Work required: Restate, word for word and with no pictures, the stretch of lines in the data below that begins at the line with "Medidas en fotos" and ends at the line with "Modern verkställande kontorsstol, liggande", inclusive.

Data section:
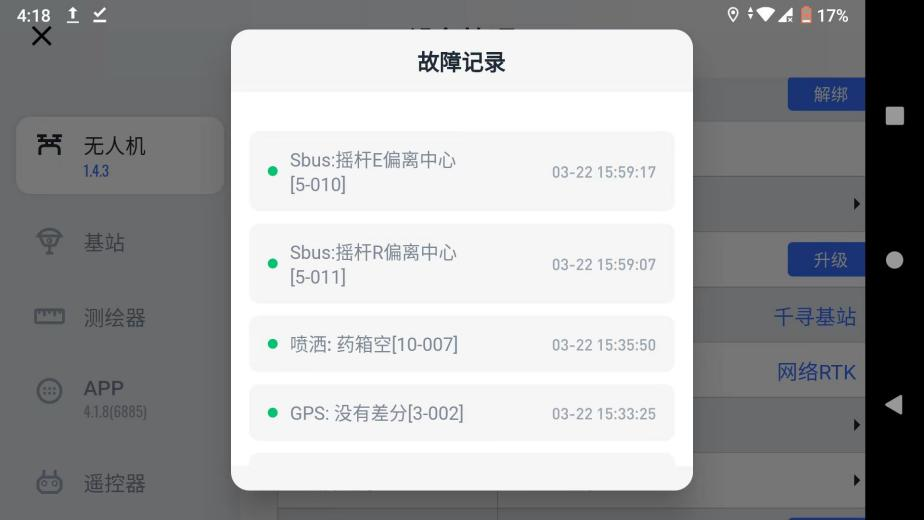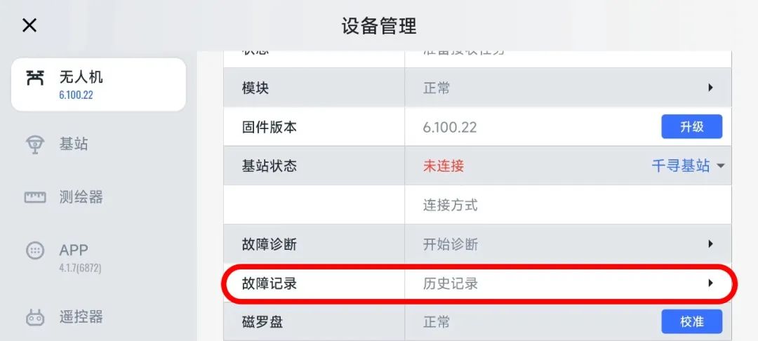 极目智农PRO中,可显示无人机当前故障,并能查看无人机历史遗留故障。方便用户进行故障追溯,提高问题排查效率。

...

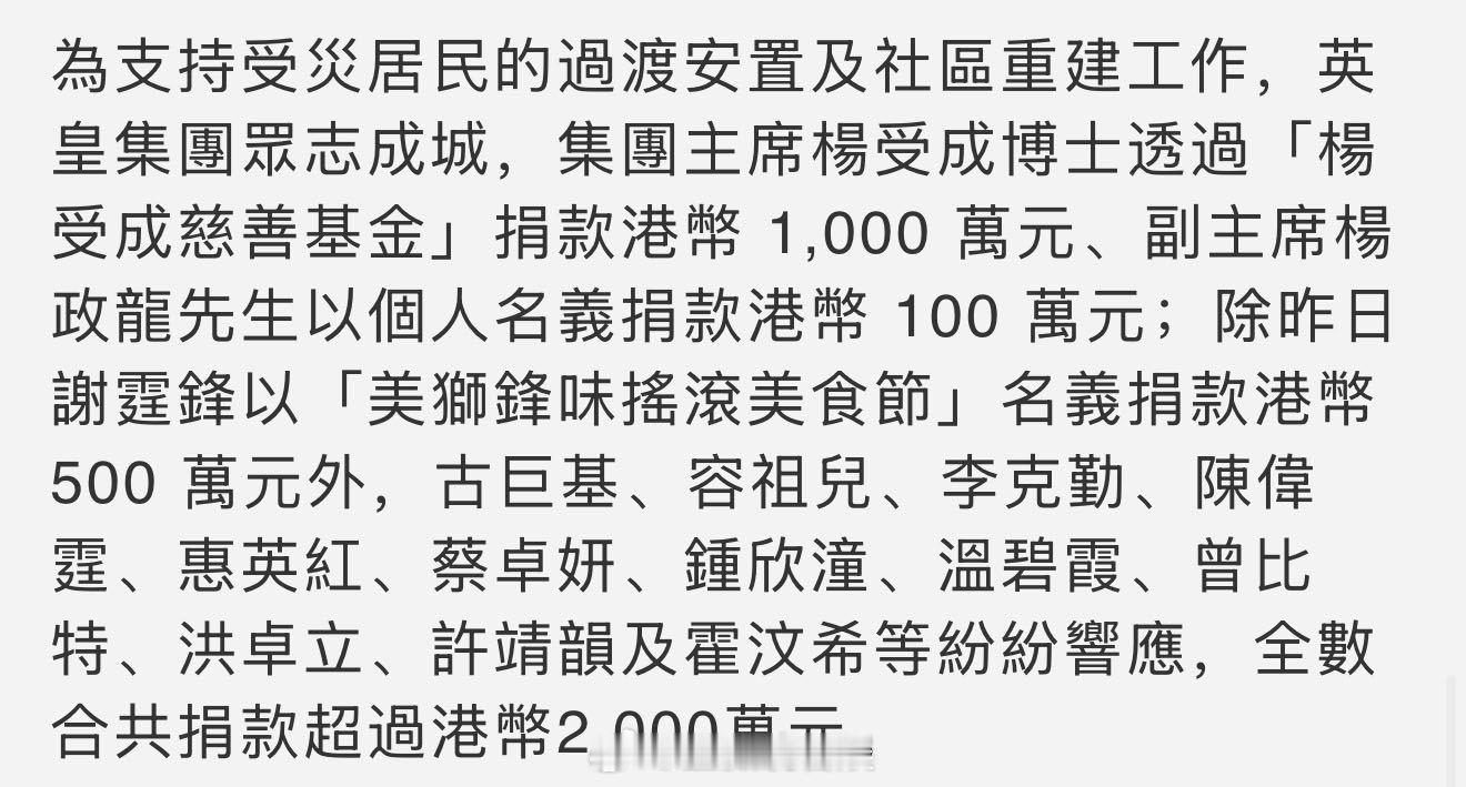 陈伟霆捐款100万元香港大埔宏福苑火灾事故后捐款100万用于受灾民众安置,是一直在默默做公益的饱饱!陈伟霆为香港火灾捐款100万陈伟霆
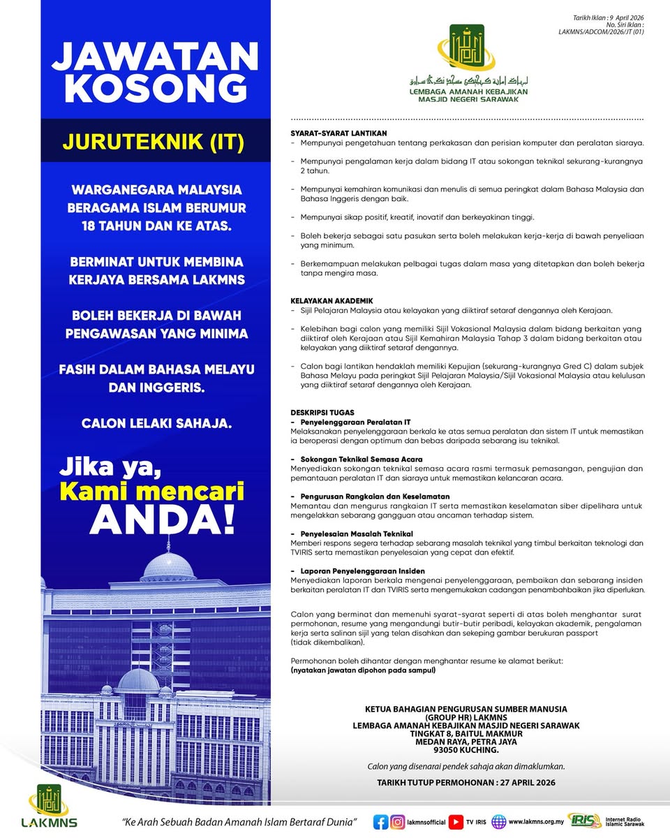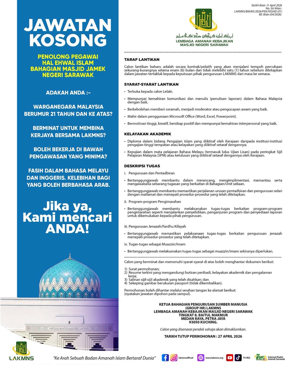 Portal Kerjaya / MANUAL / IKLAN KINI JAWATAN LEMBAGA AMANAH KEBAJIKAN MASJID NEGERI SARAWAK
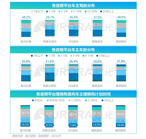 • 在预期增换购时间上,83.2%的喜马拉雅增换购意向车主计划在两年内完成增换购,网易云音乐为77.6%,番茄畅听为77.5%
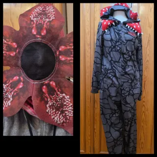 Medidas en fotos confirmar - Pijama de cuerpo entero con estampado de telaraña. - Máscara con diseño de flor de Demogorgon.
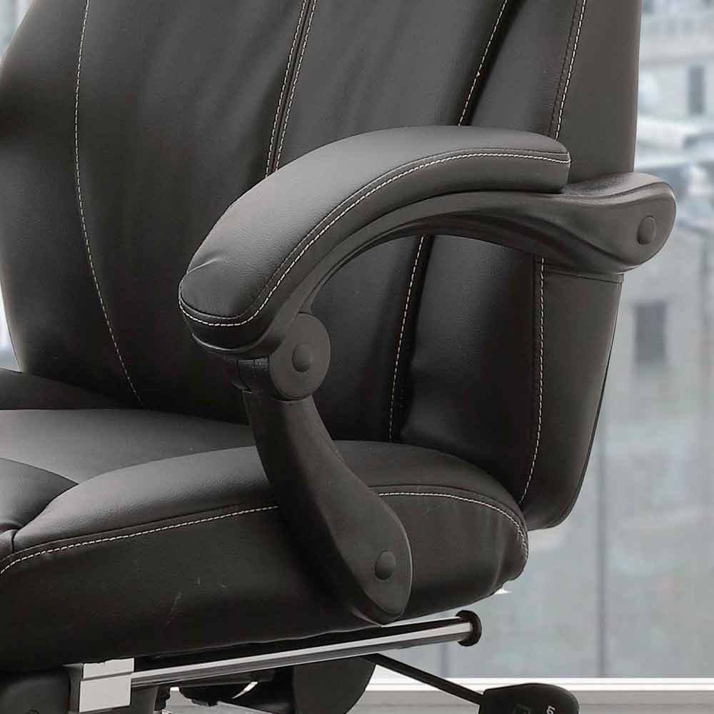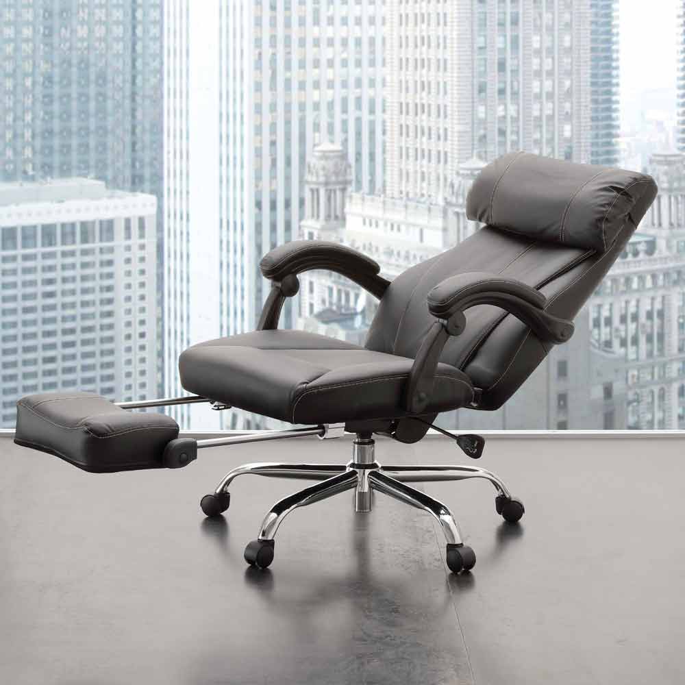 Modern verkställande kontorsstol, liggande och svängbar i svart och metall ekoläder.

...

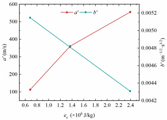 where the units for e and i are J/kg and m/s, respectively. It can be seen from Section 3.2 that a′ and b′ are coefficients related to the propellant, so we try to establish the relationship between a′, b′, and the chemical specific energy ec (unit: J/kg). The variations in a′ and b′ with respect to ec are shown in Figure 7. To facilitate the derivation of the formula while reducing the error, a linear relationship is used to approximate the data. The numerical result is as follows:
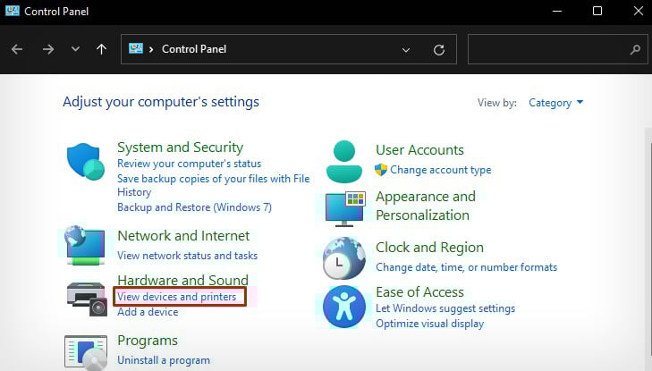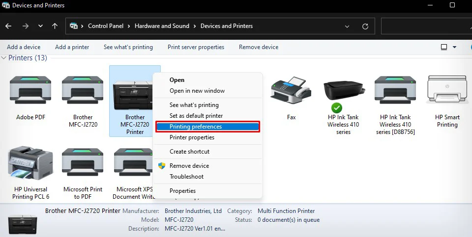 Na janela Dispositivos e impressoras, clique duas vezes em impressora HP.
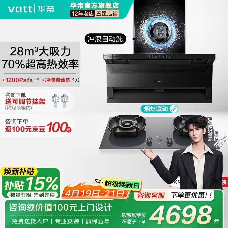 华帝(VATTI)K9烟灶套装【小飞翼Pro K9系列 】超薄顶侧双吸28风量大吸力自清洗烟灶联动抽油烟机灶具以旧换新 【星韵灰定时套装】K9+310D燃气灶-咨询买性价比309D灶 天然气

Output for this task:
 Medidas en fotos confirmar - Pijama de cuerpo entero con estampado de telaraña. - Máscara con diseño de flor de Demogorgon.
 Modern verkställande kontorsstol, liggande och svängbar i svart och metall ekoläder.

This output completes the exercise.